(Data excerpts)
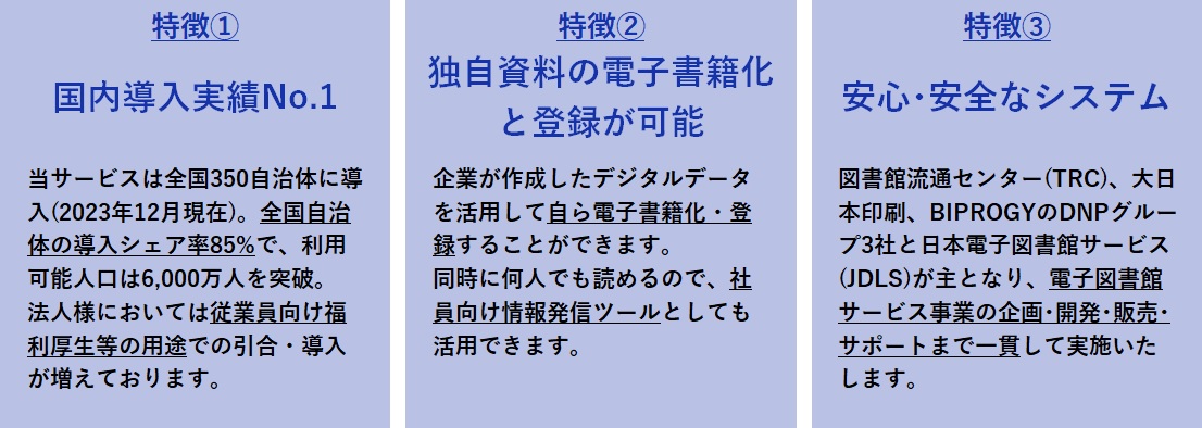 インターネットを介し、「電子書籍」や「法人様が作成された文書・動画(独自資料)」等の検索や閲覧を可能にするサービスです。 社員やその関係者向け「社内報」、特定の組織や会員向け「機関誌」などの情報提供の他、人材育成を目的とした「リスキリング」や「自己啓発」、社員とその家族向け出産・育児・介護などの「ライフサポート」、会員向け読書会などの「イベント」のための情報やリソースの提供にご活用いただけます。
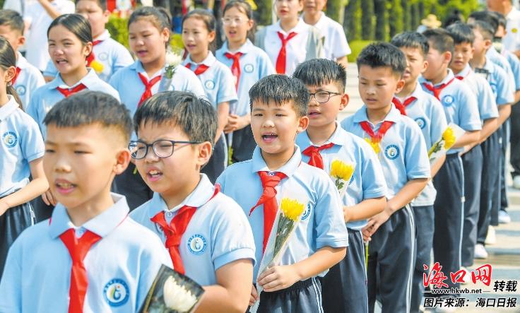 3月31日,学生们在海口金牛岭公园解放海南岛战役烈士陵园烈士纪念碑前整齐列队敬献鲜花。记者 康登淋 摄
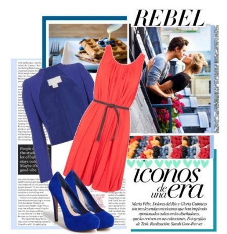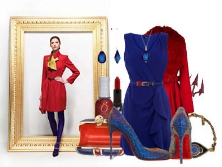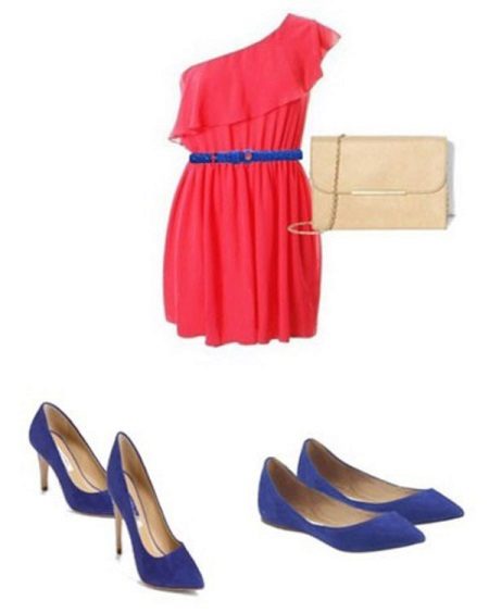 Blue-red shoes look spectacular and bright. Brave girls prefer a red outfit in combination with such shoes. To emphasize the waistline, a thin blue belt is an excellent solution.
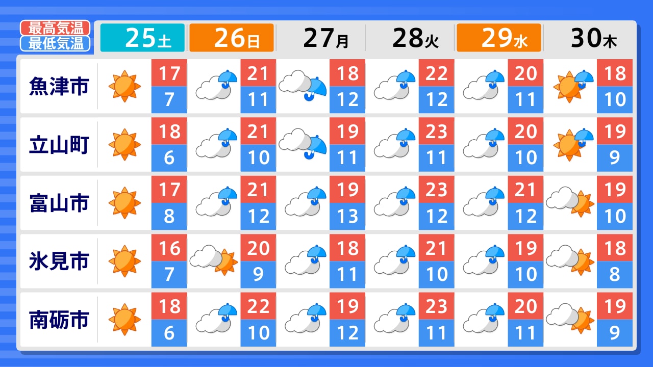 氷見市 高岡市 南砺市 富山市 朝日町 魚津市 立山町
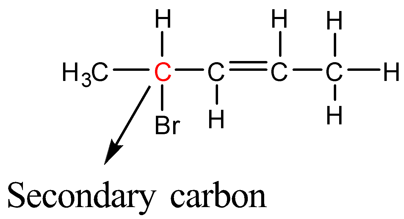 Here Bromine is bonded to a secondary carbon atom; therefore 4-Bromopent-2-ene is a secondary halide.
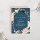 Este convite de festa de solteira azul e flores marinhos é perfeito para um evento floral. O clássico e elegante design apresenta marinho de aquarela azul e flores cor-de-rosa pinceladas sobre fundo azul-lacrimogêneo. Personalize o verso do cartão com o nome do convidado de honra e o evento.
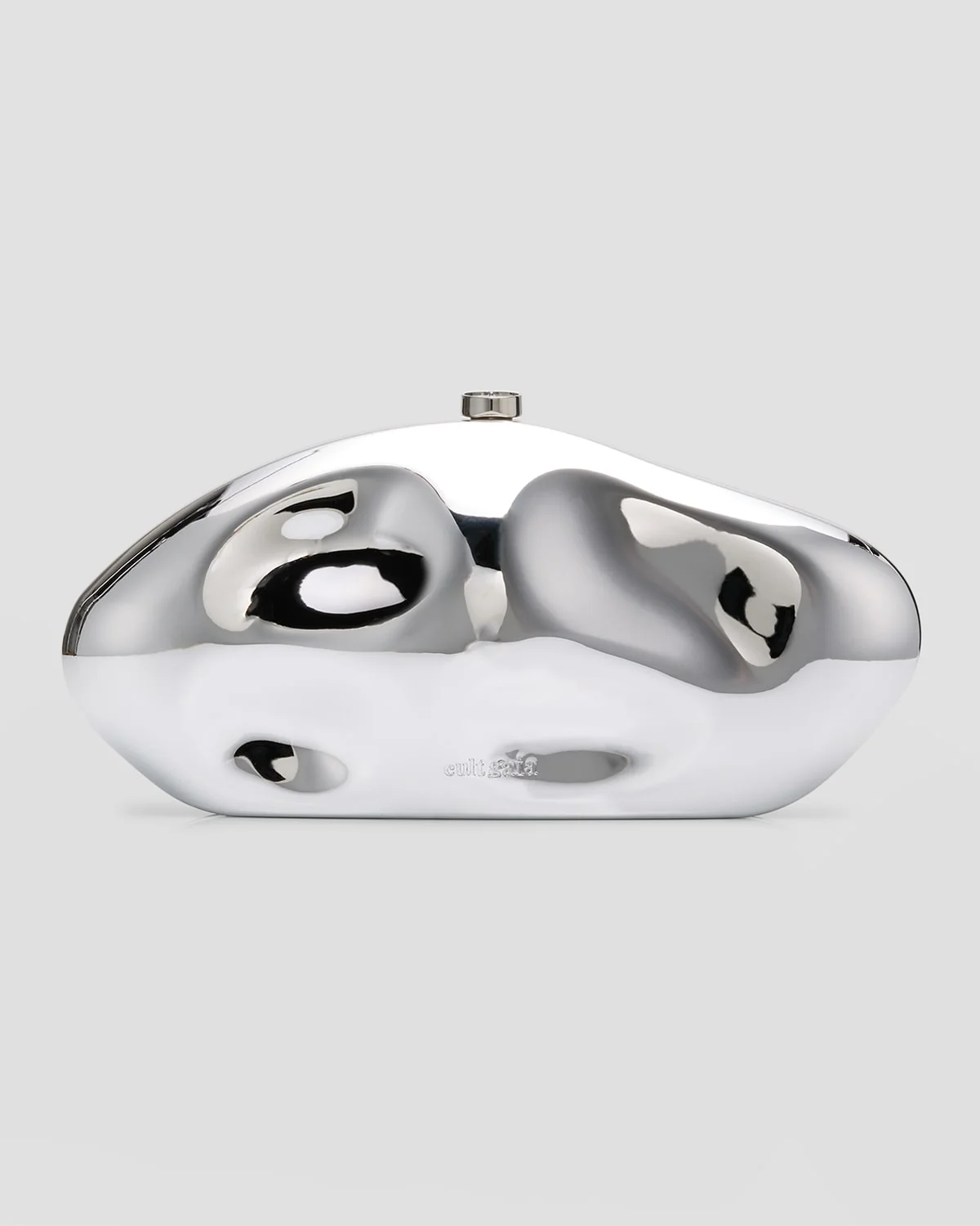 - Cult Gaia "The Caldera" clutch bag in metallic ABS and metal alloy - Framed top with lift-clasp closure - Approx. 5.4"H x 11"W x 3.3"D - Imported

---

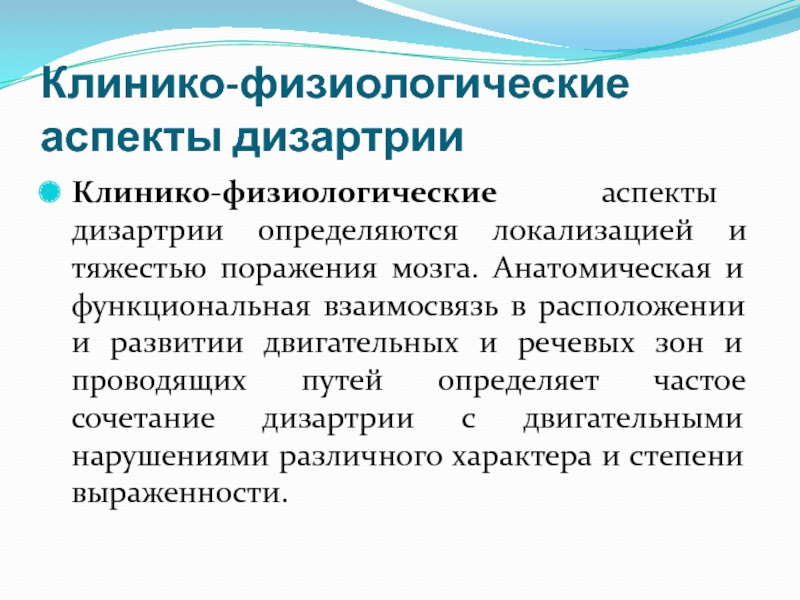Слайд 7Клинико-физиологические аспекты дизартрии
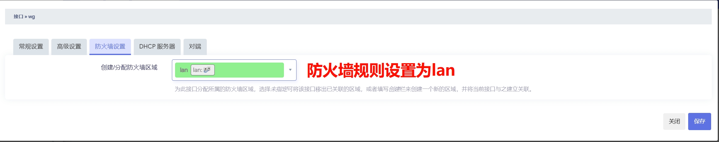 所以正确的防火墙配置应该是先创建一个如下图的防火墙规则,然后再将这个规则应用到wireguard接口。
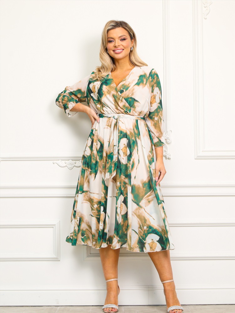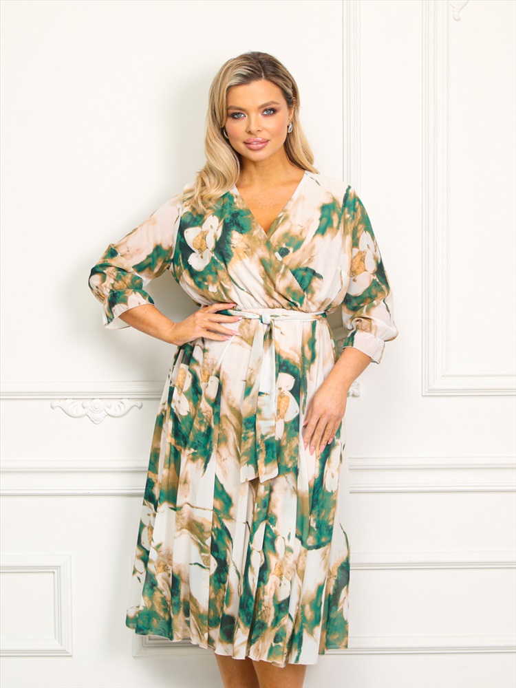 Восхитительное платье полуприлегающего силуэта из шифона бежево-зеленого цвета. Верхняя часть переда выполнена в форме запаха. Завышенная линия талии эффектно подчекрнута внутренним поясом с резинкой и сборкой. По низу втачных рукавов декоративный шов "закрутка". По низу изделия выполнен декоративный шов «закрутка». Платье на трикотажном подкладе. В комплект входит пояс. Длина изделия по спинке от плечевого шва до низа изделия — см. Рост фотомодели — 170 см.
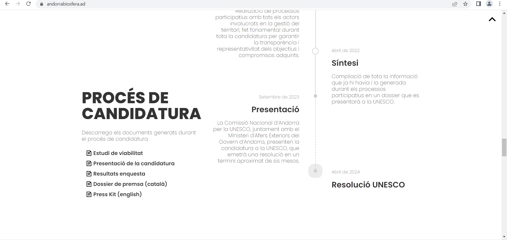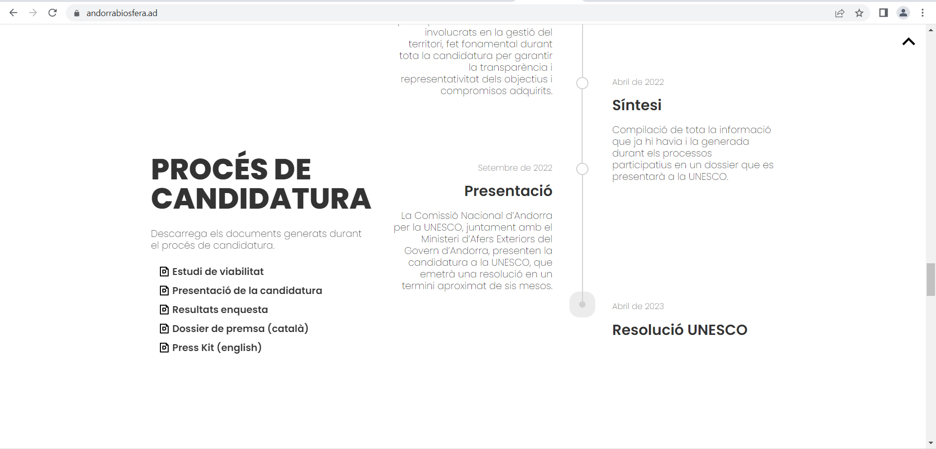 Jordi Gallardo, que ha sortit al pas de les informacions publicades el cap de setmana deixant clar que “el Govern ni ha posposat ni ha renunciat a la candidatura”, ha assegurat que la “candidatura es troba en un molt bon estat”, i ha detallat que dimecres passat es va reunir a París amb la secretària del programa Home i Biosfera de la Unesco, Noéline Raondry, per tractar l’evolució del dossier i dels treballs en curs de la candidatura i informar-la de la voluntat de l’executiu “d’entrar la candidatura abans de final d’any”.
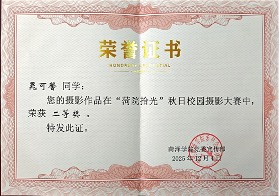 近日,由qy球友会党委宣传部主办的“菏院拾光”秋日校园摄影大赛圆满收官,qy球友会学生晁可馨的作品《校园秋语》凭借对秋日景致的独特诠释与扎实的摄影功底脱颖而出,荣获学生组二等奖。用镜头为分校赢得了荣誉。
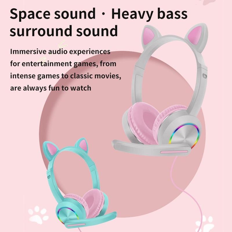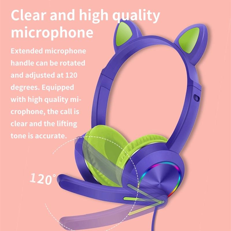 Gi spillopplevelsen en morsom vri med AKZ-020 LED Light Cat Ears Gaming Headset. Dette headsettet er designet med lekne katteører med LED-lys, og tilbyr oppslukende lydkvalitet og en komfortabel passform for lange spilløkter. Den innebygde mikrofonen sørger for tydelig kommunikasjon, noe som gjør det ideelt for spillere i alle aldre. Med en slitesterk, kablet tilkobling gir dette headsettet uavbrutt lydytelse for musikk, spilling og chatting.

--

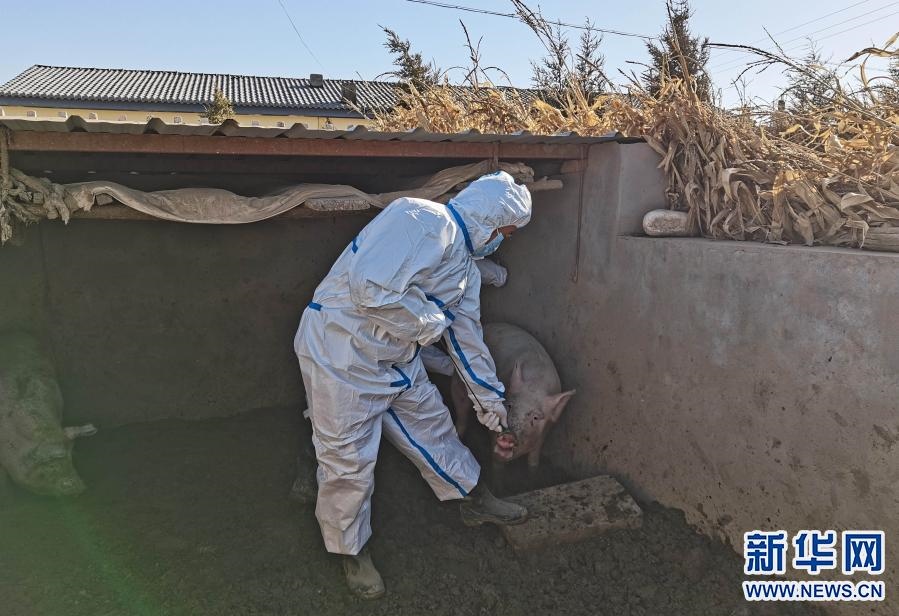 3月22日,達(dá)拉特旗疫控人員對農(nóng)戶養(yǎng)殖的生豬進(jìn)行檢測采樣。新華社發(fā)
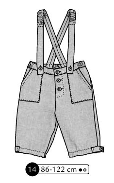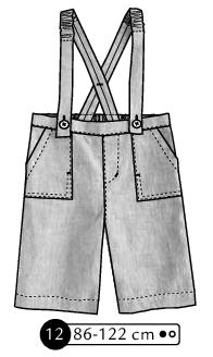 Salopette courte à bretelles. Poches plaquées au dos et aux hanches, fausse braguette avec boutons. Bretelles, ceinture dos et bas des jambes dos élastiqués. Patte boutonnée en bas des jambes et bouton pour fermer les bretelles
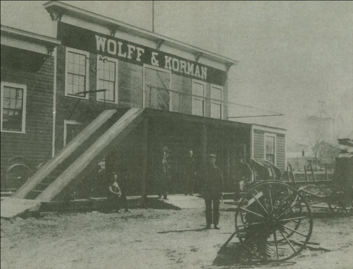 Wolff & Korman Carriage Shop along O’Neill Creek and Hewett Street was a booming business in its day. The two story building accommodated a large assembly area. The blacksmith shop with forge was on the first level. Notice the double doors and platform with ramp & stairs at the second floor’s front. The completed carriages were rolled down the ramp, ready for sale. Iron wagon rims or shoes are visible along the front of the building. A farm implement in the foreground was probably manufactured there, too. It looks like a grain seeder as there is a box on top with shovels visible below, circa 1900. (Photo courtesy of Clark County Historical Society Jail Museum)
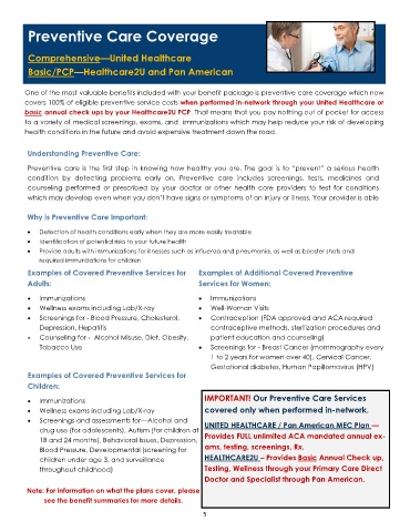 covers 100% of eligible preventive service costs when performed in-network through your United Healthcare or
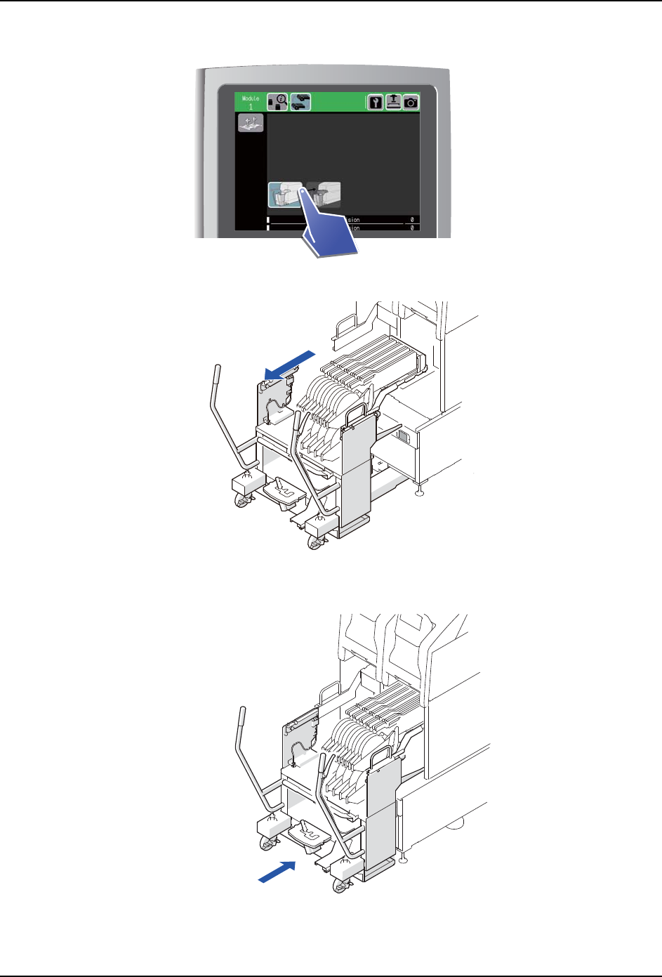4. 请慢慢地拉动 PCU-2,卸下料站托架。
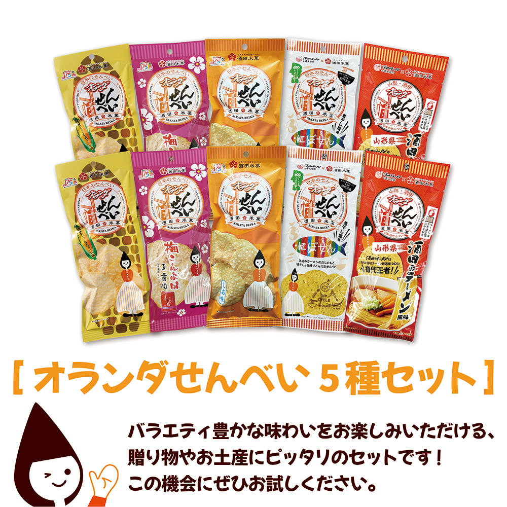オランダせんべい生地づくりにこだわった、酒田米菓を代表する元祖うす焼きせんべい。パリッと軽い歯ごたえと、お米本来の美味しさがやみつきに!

◆ Exercise goal ◆
From the line with "Este convite de" up to and including the line with "- Cult Gaia" above, retype every line exactly and nothing more; leave out the pictures.

◆ Task output ◆
 Este convite de festa de solteira azul e flores marinhos é perfeito para um evento floral. O clássico e elegante design apresenta marinho de aquarela azul e flores cor-de-rosa pinceladas sobre fundo azul-lacrimogêneo. Personalize o verso do cartão com o nome do convidado de honra e o evento.
 - Cult Gaia "The Caldera" clutch bag in metallic ABS and metal alloy - Framed top with lift-clasp closure - Approx. 5.4"H x 11"W x 3.3"D - Imported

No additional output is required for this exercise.